A Controller failure can occur for various reasons, such as a software failure or failure in the underlying hardware. A Controller also can fail simply by losing connectivity to the networks containing the rest of the Avi Vantage infrastructure.
In a Controller cluster, the three Controllers divide the workload among themselves. Should one Controller fail, the remaining two Controllers will continue operations as normal with no impact to data plane traffic.
If the failed Controller was the cluster leader, one of the remaining Controllers will take over as cluster leader. This change in leadership has no direct impact on operations. If a cluster IP address has been created, that IP address will move to the new leader, which will begin ARPing (advertising) the address.

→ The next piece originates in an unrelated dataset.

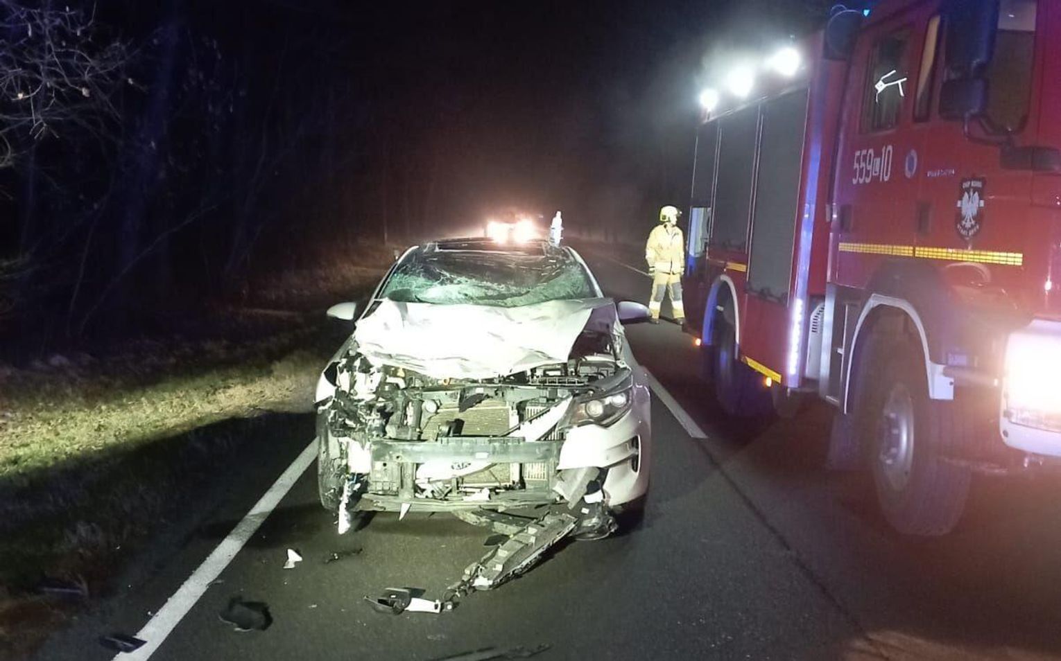 Do zdarzenia doszło w piątek (24 stycznia) koło godziny 17.00. 38-latek jechał w Dominiczynie drogą krajową w samochodzie marki Kia z 10-letnim chłopcem. Nagle na szosie pojawiły się dwa łosie. Jeden wpadł wprost pod koła. Zwierzę zginęło na miejscu. Na szczęście ani kierowcy, ani dziecku nic się nie stało. Auto zostało jednak zniszczone, nie nadawało się do jazdy, więc kierowca musiał oddać dowód rejestracyjny policji.

A Controller cluster requires at least two of its 3 nodes to be up, in order to maintain quorum. This eliminates the “split brain” scenario in which two devices are simultaneously active (primary) with potentially conflicting configuration updates.
If a Controller is still online, but merely has lost contact with the other Controllers, it will no longer be part of the cluster until it has regained connectivity. So if one Controller and multiple Service Engines are created in each of three data centers, and one data center has lost connectivity to the other two data centers, the Controller at the isolated data center will not accept configuration changes as a standalone. The isolated Controller must either reconnect with the cluster or be formally demoted to a standalone.
Replacing a Failed Controller
If Controller failure is a permanent state, take the following actions to remove the Controller and restore full high availability to the cluster.
- If the Controller was in a virtual machine, delete the VM from the cloud orchestrator.
- From another (still up) Controller's web interface, delete the failed Controller's IP address. Navigate to Administration > Controller.
- Install a new Controller.
Note: Do not log into the new Controller's web interface. Only perform initial setup (such as selecting the cloud orchestrator).
- From the existing Controller, add the IP address of the new Controller. After a few minutes, the status of the cluster should turn green.
In a standalone Controller configuration, a Controller failure leaves the Avi Vantage system in a headless state. In a headless state, existing Service Engines (SEs) will continue to operate with the last instructions they were given.
No new configuration changes are possible until a Controller is restored. This may be done by rebuilding a new Controller, which is disruptive to existing connections, or by bringing the existing Controller back online, which is transparent to existing data traffic.
While in a headless state, SEs will attempt to queue up metrics and logs. If a Controller is temporarily offline, such as while the Controller’s host is rebooted, the SEs will reconnect after the Controller returns and is updated with the metrics and logs it missed while offline.